■ **THE DATA**:
☆ ☆ ☆ ☆ ☆ ☆ ☆
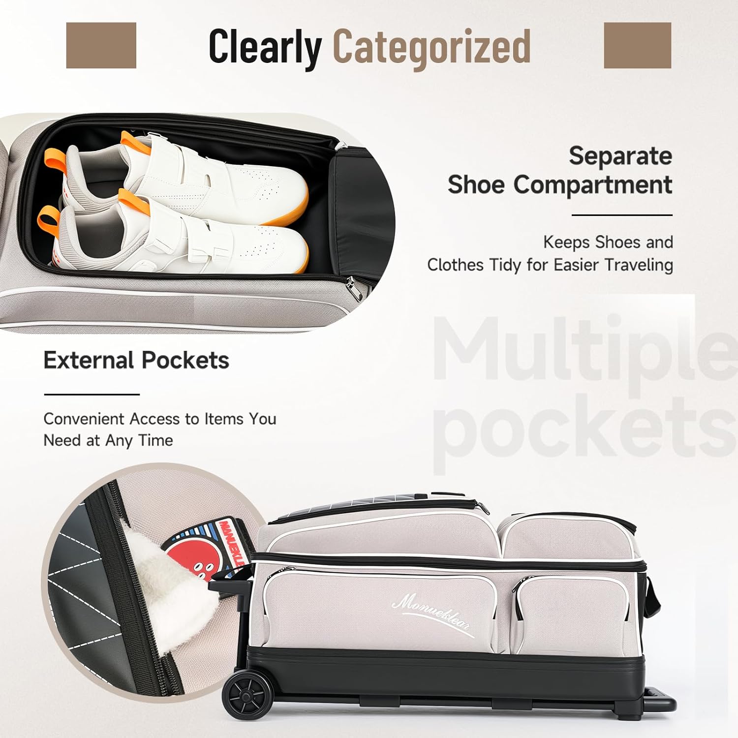 - ๐ค Smooth-Gliding Wheels--Our bowling bag features high-quality, silent wheels that provide seamless movement across all surfaces. Whether you're on the slick floors of an indoor facility or navigating rugged outdoor pathways, our wheels ensure effortless mobility. With these premium wheels, you can concentrate on your game without the distraction of struggling with your bagโmaking every journey to the lanes a pleasure.
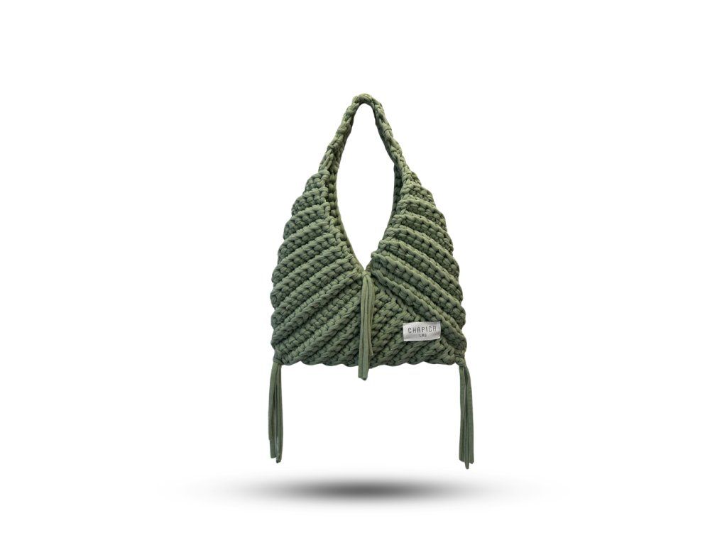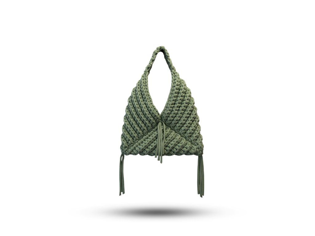 Každý kus je ručne vyrobený, vďaka čomu je každá kabelka jedinečná. Charakteristický háčkovaný vzor dodáva kabelke výraznú textúru a štýl. Dizajn dopĺňajú dekoratívne strapce, ktoré podčiarkujú jej ležérny a prirodzene elegantný vzhľad. Strapce majú rôznu dĺžku, približne 10 – 15 cm, čo vytvára jemný dynamický efekt pri nosení.
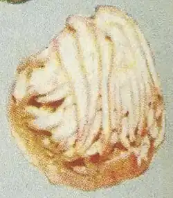- ^ a b Hasebe, 新三 (Shinzō ?) (February 1956). 原色版解説 [Description of color pages]. 製菓製パン [The journal of baking and confection] (in Japanese). 22 (2). Tokyo: Seika Jikken Publication (製菓実験社). Color pages (unnumbered), p126. ndldm:3321412.
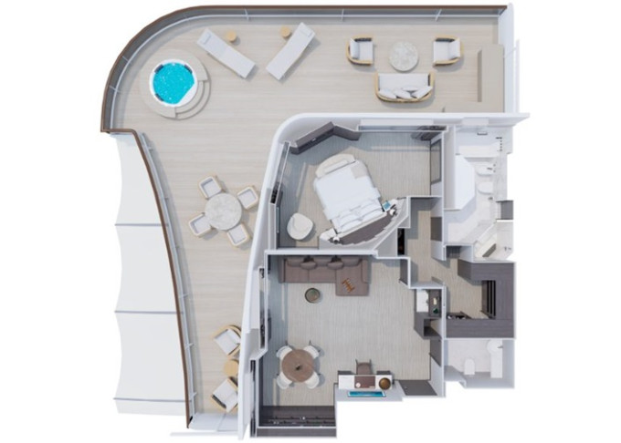 | Ocean Residence - Cove Residence Suita 56 m² + Terasa s vírivkou, sedením a pohovkou alebo lehátkami 14 m² / 6. paluba: 24 m². Spálňa s obývacou a jedálenskou časťou, šatník. Koktailová súprava, minibar, kávovar, vodná kanvica, ďalekohľad, sejf, kúpeľňa so sprchou. Závesy, svetlo, klimatizácia ovládané smart technológiou. Taška Technogym Case Kit. Fľaša šampanského na privítanie. Maximálna kapacita 3 osoby. | 72 272 € 18 068 € za osobu |
☆ ☆ ☆ ☆ ☆ ☆ ☆
■ **ASSIGNMENT**:
Set the pictures aside and reproduce the data above exactly.

■ **WRITTEN SOLUTION**:
 - ๐ค Smooth-Gliding Wheels--Our bowling bag features high-quality, silent wheels that provide seamless movement across all surfaces. Whether you're on the slick floors of an indoor facility or navigating rugged outdoor pathways, our wheels ensure effortless mobility. With these premium wheels, you can concentrate on your game without the distraction of struggling with your bagโmaking every journey to the lanes a pleasure.
 Každý kus je ručne vyrobený, vďaka čomu je každá kabelka jedinečná. Charakteristický háčkovaný vzor dodáva kabelke výraznú textúru a štýl. Dizajn dopĺňajú dekoratívne strapce, ktoré podčiarkujú jej ležérny a prirodzene elegantný vzhľad. Strapce majú rôznu dĺžku, približne 10 – 15 cm, čo vytvára jemný dynamický efekt pri nosení.
- ^ a b Hasebe, 新三 (Shinzō ?) (February 1956). 原色版解説 [Description of color pages]. 製菓製パン [The journal of baking and confection] (in Japanese). 22 (2). Tokyo: Seika Jikken Publication (製菓実験社). Color pages (unnumbered), p126. ndldm:3321412.
 | Ocean Residence - Cove Residence Suita 56 m² + Terasa s vírivkou, sedením a pohovkou alebo lehátkami 14 m² / 6. paluba: 24 m². Spálňa s obývacou a jedálenskou časťou, šatník. Koktailová súprava, minibar, kávovar, vodná kanvica, ďalekohľad, sejf, kúpeľňa so sprchou. Závesy, svetlo, klimatizácia ovládané smart technológiou. Taška Technogym Case Kit. Fľaša šampanského na privítanie. Maximálna kapacita 3 osoby. | 72 272 € 18 068 € za osobu |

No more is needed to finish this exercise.